Who am I?
A good question and the main theme for every single character in the book and this world.
I am born in 1965 of an artist family.
When I was twenty, my idea of reality was turned upside down. Like in the book, I met a holy ascetic on a high meadow in a remote Himalayan valley. I stayed with him for a month. He barely spoke. Against my instinct I left. Not knowing his name, it took me thirty-two years to find him again. The quest he initiated in me, took me through the worlds outside and inside me. I became a student of philosophy, religion, and culture a painter, a journalist, a writer, a designer, and an alternative practitioner. I lived in Egypt, India and Denmark and traveled the world. The story is an allegory for that search, but this is not a book about my life. Finally, I returned to another Himalayan master, to study consciousness and its source. This is where I wrote this novel, which at its heart is a story of the multiplicity of this world and the longing for the Oneness it springs from. A fictionalized story introducing the ideas of non-dual philosophy (a vision of oneness) into a dualistic(fragmented) world. Writing the book took me back to the source of the story.

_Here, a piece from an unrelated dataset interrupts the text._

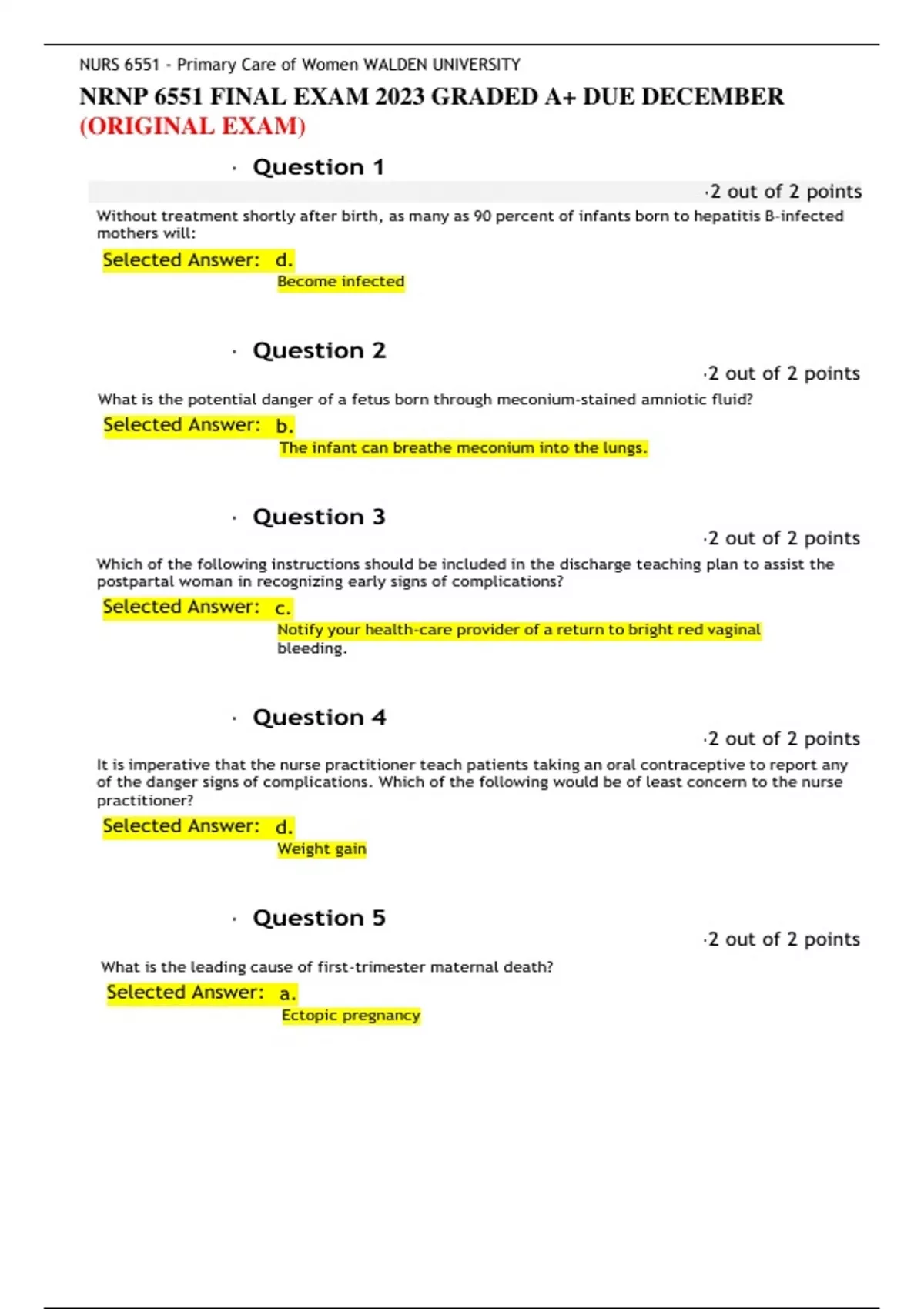 NRNP 6551 FINAL EXAM 2023 GRADED A+ DUE DECEMBER (ORIGINAL EXAM)

Why Did I Write This Book?
The story wrote itself and I was pulled in. Having studied Sufism, Buddhism, Pharaonic philosophy, psychology, and Indian philosophy, as well as the languages, histories, religions, and arts of the cultures I lived in, I wanted to write a book for the world, about the world. And by the world I mean the human being and his relentless, earnest but often headless search—a search in which most people don’t pause to ask themselves, “Who am I? What is this world? What am I searching for? And is it found where I think it is?”.